Data frame of CIS metrics (must have Chr and Locus columns)

IS_raw

Data frame of raw integration site data (must have Sample, Chr, Locus columns)

Timelevels

Optional vector of sample/timepoint levels for ordered display (default = NULL)

Value

gt table object with colored CIS overlap status (TRUE/FALSE)


Calculate regional distribution percentages of integration sites (IS)

Description

Calculate regional distribution percentages of integration sites (IS)

Usage

Count_regions(IS_raw, Patient_timepoint)

Arguments

IS_raw

Data frame of raw integration site data (must have Sample column + regional annotation columns)

Patient_timepoint

Data frame mapping Sample_ID to Time_Point (columns: Sample_ID, Time_Point)

Value

List of data frames (per sample) with regional IS percentages (Exonic/Intronic/Enhancer etc.)


Plot cumulative curve and perform statistical analysis

Description

Plot cumulative curve and perform statistical analysis

Usage

Cumulative_curve(IS_ratio)

Arguments

IS_ratio

A numeric vector of integration site ratios (output of fit_cum_simple)

Value

A list containing the ggplot object, t-test results, and Wilcoxon test result.


Check if integration sites (IS) are located in enhancer regions

Description

Check if integration sites (IS) are located in enhancer regions

Usage

Enhancer_check(IS_raw)

Arguments

IS_raw

Data frame containing raw integration site data (must have Chr and Locus columns)

Value

Data frame with an added Enhancer column (TRUE = located in enhancer, FALSE = not located in enhancer)

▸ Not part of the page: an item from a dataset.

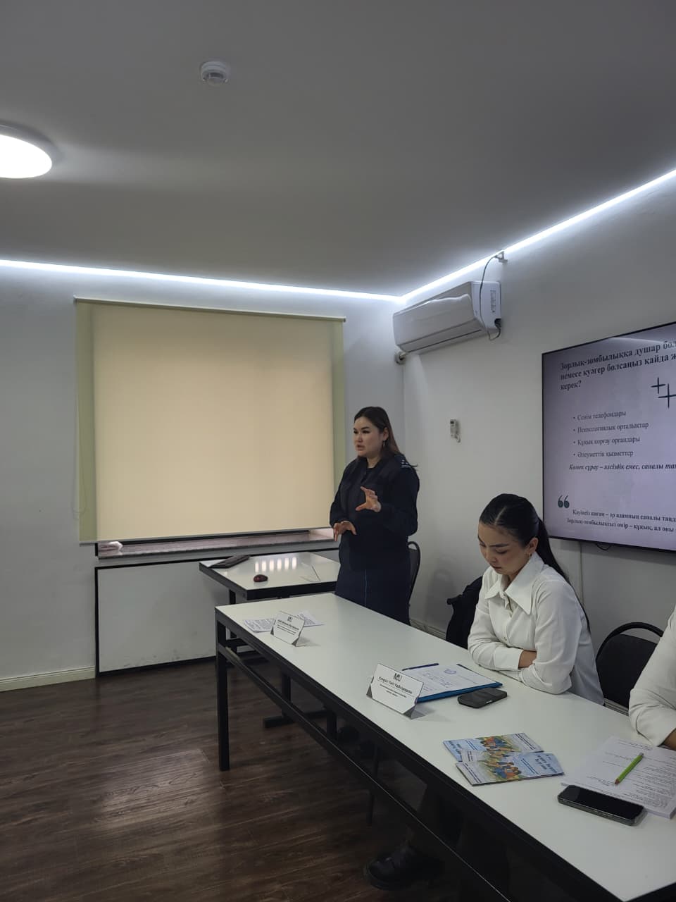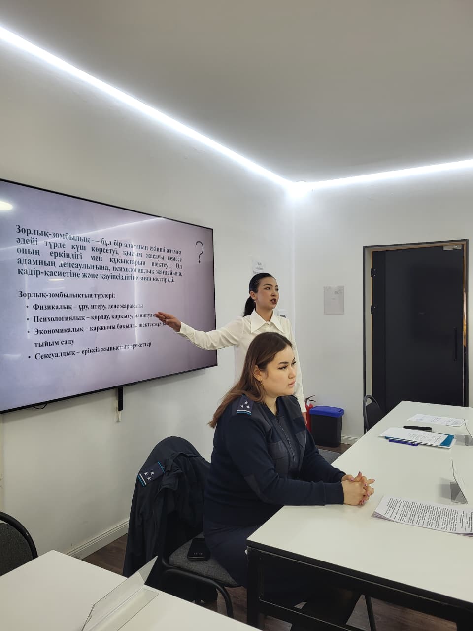 В мероприятии приняли участие специалисты: психолог отдела психологической помощи Конрат Умит Кайсаркызы и инспектор по агитационно-разъяснительной работе Управления общественной безопасности Департамента полиции города Шымкента Абай Айганым Мухтаркызы, которые дали разъяснения, практические рекомендации и ответили на вопросы студентов.

Generate treemap of integration site clone contribution

Description

This function creates a treemap visualization of the top 1000 integration site (IS) clone contributions, grouped by patient time points with custom color perturbation.

Usage

IS_treemap(
  IS_raw = IS_raw,
  Patient_timepoint = Patient_timepoint,
  Timelevels = NULL
)

Arguments

IS_raw

Data frame containing IS data (columns: Sample, Locus, Clone_contribution required)

Patient_timepoint

Data frame mapping Sample_ID to Time_Point (columns: Sample_ID, Time_Point required)

Timelevels

Character vector, optional custom order of time points (default: NULL, natural sort)

Value

ggplot object (treemap of IS clone contributions)

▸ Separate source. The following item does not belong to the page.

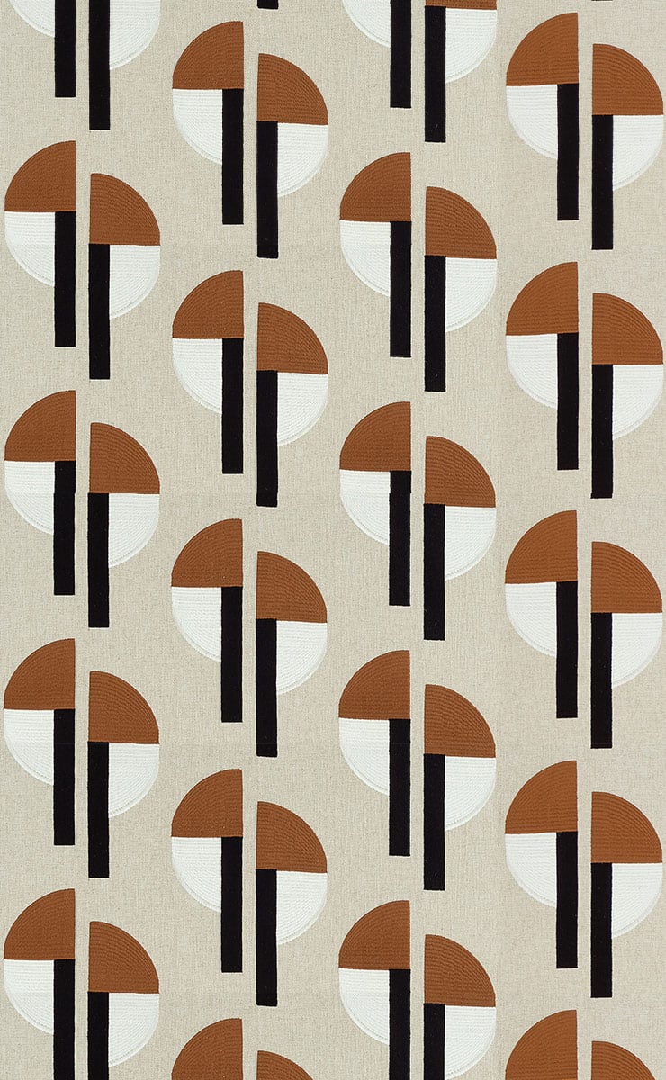 The Selas d'Arte wall covering features a geometric pattern with retro accents. It is composed of half-moons and vertical bands that repeat themselves like a visual score. Two types of embroidery give relief to the design, one dense and circular, the other fine and taut. The composition plays on contrasts and graphic rigor. Natural linen enriches the surface.

Generate Linked Timepoint Sankey + Stacked Bar Chart

Description

Creates a highly customizable combined Sankey-flow + stacked bar chart to visualize clonal proportion changes across timepoints, with manual control over flow polygon shapes and precise formatting of top integration sites (top 10 + "Others" category). All core logic and data processing steps remain identical to the original code - only namespace prefixes (::) added and lag() fixed.

Usage

Linked_timepoints(IS_raw, Patient_timepoint, Timelevels = NULL)

Arguments

IS_raw

Data frame containing integration site data (required columns: Clone_contribution, Sample, nearest_gene_name, Chr, Locus)

Patient_timepoint

Data frame mapping Sample_ID to Time_Point (columns: Sample_ID, Time_Point required)

Timelevels

Character vector (optional). Custom ordered levels for time points (overrides natural sort). Default = NULL.

Value

ggplot object. Combined Sankey-flow + stacked bar chart of top 10 integration site proportions across timepoints.

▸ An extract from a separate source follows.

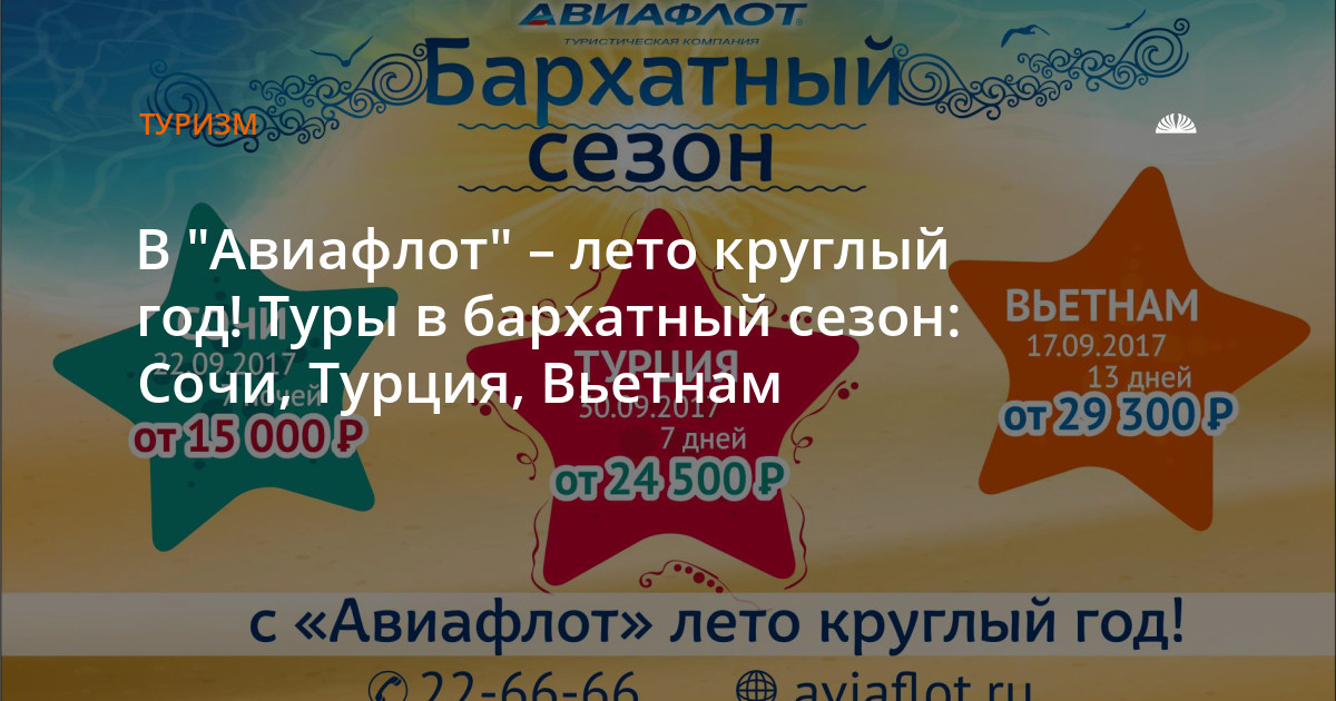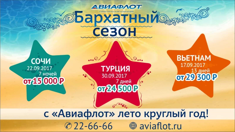 Подборка специальных предложений туров в бархатный сезон от компании "Авиафлот":

Check if integration sites (IS) are located in promoter regions

Description

Check if integration sites (IS) are located in promoter regions

Usage

Promotor_check(IS_raw)

Arguments

IS_raw

Data frame containing raw integration site data (must have Chr and Locus columns)

Value

Data frame with an added Promotor column (TRUE = located in promoter, FALSE = not located in promoter)


Check if integration sites (IS) are located in safe harbor regions

Description

Check if integration sites (IS) are located in safe harbor regions

Usage

Safeharbor_check(IS_raw)

Arguments

IS_raw

Data frame containing raw integration site data (must have Chr and Locus columns)

Value

Data frame with an added Safeharbor column (TRUE = located in safe harbor, FALSE = not located in safe harbor)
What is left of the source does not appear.